User.includes(:memberships).where(memberships: { status: "active" })

SQL (1.0ms) SELECT "users"."id" AS t0_r0, "users"."avatar_url" AS t0_r1,
"users"."email" AS t0_r2, "users"."first_name" AS t0_r3, "users"."last_name" AS
t0_r4, "users"."oauth_provider" AS t0_r5, "users"."oauth_access_token" AS
t0_r6, "users"."oauth_remember_token" AS t0_r7, "users"."oauth_uid" AS t0_r8,
"users"."password_digest" AS t0_r9, "users"."password_reset_token" AS t0_r10,
"users"."remember_token" AS t0_r11, "users"."last_digest_sent_at" AS t0_r12,
"users"."password_reset_token_expires_at" AS t0_r13, "users"."created_at" AS
t0_r14, "users"."updated_at" AS t0_r15, "users"."users_invited" AS t0_r16,
"users"."phone_number" AS t0_r17, "users"."company" AS t0_r18,
"memberships"."id" AS t1_r0, "memberships"."project_id" AS t1_r1,
"memberships"."user_id" AS t1_r2, "memberships"."status" AS t1_r3,
"memberships"."is_admin" AS t1_r4, "memberships"."last_viewed_events_at" AS
t1_r5, "memberships"."created_at" AS t1_r6, "memberships"."updated_at" AS t1_r7
FROM "users" LEFT OUTER JOIN "memberships" ON "memberships"."user_id" =
"users"."id" WHERE "memberships"."status" = 'active'

The query above, while large, it is still much more performant than dealing with N+1 problems. However, once the tables start to get large or you are returning a large amount of rows, the query like the one above can be potentially troublesome. The database returns something like this:

customer_id |   name  | invoice_id | title
------------|---------|------------|----------------------------
1           | malcolm | 1          | Some invoice title
1           | malcolm | 2          | Another invoice
2           | wash    | 3          | Late invoice title
3           | zoe     | 4          | Some invoice title
3           | zoe     | 5          | Another title
3           | zoe     | 6          | Invoice Title

We get some duplication - a customer has_many invoices so every time we load a unique invoice we are going to load ALL of the customer data along with it.

##Double the has_many

Now, issues arise when you try and eager load data from more than one has_many.

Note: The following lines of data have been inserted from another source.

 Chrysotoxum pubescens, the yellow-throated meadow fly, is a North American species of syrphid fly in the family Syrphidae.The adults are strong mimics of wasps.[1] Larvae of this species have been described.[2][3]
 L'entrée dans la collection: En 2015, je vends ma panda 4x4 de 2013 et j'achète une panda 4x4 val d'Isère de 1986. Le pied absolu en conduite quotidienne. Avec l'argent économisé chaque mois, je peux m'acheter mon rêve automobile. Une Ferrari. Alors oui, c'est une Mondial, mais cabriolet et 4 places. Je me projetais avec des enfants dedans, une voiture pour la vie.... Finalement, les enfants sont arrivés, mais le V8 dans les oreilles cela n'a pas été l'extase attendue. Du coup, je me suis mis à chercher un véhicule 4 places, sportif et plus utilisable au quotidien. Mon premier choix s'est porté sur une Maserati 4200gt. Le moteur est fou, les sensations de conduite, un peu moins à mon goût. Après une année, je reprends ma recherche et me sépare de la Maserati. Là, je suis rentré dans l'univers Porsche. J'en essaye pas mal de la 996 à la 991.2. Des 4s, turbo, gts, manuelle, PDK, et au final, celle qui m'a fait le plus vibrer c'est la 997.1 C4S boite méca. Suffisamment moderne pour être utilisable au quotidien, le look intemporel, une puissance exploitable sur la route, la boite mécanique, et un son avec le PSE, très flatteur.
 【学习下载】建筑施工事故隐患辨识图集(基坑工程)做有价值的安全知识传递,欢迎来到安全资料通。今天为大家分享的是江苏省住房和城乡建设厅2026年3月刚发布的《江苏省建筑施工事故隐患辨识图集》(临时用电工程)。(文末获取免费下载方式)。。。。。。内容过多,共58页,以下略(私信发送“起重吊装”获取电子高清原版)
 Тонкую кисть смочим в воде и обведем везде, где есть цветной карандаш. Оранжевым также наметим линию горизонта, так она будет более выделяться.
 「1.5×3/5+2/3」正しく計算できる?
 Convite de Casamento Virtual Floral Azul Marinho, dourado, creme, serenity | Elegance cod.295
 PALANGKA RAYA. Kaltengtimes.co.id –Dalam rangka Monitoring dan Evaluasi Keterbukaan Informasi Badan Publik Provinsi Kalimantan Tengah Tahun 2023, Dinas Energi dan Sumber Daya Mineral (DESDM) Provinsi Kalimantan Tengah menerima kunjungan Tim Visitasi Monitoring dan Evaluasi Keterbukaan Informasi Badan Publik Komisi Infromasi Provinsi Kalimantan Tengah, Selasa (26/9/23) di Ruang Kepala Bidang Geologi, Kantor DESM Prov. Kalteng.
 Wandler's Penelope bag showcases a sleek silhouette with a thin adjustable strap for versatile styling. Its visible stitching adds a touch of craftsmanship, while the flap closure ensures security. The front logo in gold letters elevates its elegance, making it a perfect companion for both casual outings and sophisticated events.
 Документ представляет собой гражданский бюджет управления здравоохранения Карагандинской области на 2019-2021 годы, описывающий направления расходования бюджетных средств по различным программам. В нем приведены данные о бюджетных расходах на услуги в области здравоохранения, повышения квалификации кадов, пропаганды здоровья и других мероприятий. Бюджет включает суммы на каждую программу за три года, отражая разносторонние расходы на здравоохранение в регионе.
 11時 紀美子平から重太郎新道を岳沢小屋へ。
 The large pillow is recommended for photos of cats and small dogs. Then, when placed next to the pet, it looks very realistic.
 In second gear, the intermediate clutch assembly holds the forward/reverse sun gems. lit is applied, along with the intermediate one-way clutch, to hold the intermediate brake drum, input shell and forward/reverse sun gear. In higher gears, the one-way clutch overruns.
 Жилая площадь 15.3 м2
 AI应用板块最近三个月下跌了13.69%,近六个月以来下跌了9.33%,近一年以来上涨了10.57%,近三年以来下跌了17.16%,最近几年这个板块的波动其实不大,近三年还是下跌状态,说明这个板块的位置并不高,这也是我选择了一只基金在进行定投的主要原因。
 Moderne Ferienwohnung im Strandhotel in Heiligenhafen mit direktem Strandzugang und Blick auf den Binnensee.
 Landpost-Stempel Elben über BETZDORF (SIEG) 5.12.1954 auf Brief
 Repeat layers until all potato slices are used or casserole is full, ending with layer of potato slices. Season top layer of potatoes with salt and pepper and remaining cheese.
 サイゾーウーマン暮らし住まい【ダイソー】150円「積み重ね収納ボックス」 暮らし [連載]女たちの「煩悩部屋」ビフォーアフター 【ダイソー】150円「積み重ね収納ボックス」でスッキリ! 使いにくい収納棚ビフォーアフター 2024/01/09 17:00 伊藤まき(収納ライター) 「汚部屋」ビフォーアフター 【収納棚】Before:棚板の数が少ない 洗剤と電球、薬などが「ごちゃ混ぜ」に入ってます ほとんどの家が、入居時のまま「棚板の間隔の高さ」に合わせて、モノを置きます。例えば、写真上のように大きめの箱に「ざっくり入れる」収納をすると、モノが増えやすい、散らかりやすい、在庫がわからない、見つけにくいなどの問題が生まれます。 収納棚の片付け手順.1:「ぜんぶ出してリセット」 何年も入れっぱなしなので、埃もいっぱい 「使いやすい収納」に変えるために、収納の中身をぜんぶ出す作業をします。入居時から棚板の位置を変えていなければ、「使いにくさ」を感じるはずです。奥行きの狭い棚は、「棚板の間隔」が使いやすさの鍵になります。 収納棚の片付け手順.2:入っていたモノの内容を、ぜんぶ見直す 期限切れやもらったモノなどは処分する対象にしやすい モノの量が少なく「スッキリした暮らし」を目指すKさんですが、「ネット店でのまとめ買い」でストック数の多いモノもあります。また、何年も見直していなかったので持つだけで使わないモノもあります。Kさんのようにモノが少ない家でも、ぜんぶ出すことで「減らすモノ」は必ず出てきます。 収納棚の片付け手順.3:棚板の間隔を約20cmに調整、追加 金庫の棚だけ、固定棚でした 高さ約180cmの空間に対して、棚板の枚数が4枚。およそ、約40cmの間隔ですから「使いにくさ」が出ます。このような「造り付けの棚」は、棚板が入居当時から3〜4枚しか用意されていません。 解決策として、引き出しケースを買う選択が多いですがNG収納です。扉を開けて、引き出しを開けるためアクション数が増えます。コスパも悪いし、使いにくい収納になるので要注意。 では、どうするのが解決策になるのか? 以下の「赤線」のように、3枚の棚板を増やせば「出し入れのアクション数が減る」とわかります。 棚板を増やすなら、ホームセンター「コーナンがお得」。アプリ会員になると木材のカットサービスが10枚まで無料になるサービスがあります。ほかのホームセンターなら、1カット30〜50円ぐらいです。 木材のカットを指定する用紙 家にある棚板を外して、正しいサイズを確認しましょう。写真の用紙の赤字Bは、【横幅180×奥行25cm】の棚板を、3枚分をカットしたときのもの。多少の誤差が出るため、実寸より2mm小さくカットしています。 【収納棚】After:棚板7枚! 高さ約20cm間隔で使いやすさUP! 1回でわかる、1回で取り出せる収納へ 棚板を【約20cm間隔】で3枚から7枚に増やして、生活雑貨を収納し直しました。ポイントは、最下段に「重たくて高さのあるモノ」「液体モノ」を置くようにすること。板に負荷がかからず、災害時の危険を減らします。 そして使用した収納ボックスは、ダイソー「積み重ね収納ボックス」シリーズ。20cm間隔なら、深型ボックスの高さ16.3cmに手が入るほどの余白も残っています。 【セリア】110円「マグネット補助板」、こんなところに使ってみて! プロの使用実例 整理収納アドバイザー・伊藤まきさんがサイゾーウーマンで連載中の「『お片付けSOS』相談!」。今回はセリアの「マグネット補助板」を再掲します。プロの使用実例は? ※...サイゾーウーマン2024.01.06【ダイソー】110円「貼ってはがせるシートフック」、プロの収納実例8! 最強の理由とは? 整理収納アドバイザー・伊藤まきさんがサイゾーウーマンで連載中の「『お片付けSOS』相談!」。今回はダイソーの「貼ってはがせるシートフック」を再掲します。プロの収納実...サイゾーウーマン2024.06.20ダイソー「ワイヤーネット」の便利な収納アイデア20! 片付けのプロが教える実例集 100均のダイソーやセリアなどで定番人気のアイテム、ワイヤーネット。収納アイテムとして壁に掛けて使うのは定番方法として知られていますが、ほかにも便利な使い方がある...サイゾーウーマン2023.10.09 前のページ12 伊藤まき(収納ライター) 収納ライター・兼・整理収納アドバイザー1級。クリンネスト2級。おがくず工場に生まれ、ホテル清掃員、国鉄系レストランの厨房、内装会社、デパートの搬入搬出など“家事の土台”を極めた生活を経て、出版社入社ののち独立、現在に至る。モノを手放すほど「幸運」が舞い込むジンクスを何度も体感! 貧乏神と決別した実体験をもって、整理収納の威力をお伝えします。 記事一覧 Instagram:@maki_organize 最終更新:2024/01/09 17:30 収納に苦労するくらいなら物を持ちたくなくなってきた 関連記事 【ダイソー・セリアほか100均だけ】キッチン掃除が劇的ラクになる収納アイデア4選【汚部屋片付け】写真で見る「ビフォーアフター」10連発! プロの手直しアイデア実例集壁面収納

@customers = Customer.all.includes(:invoices, :receipts).where(invoices: { status: "open" })

This generates two left outer joins. Whats going to happen is that the database is going to return a row for every unique combination of customer, invoice and receipt. So if we have 25 customers, each customer has 10 invoices (250 total) and 10 receipts (250 total). The result set that is returned is not 525 records, but something closer to 2500 records. Now Rails has to instantiate all of that into ActiveRecord objects.

##When is it safe to add where conditions with an includes?

Only when conditions are used on the main model

Customer.all.includes(:invoices, :receipts).where("users.name" => "patkoperwas")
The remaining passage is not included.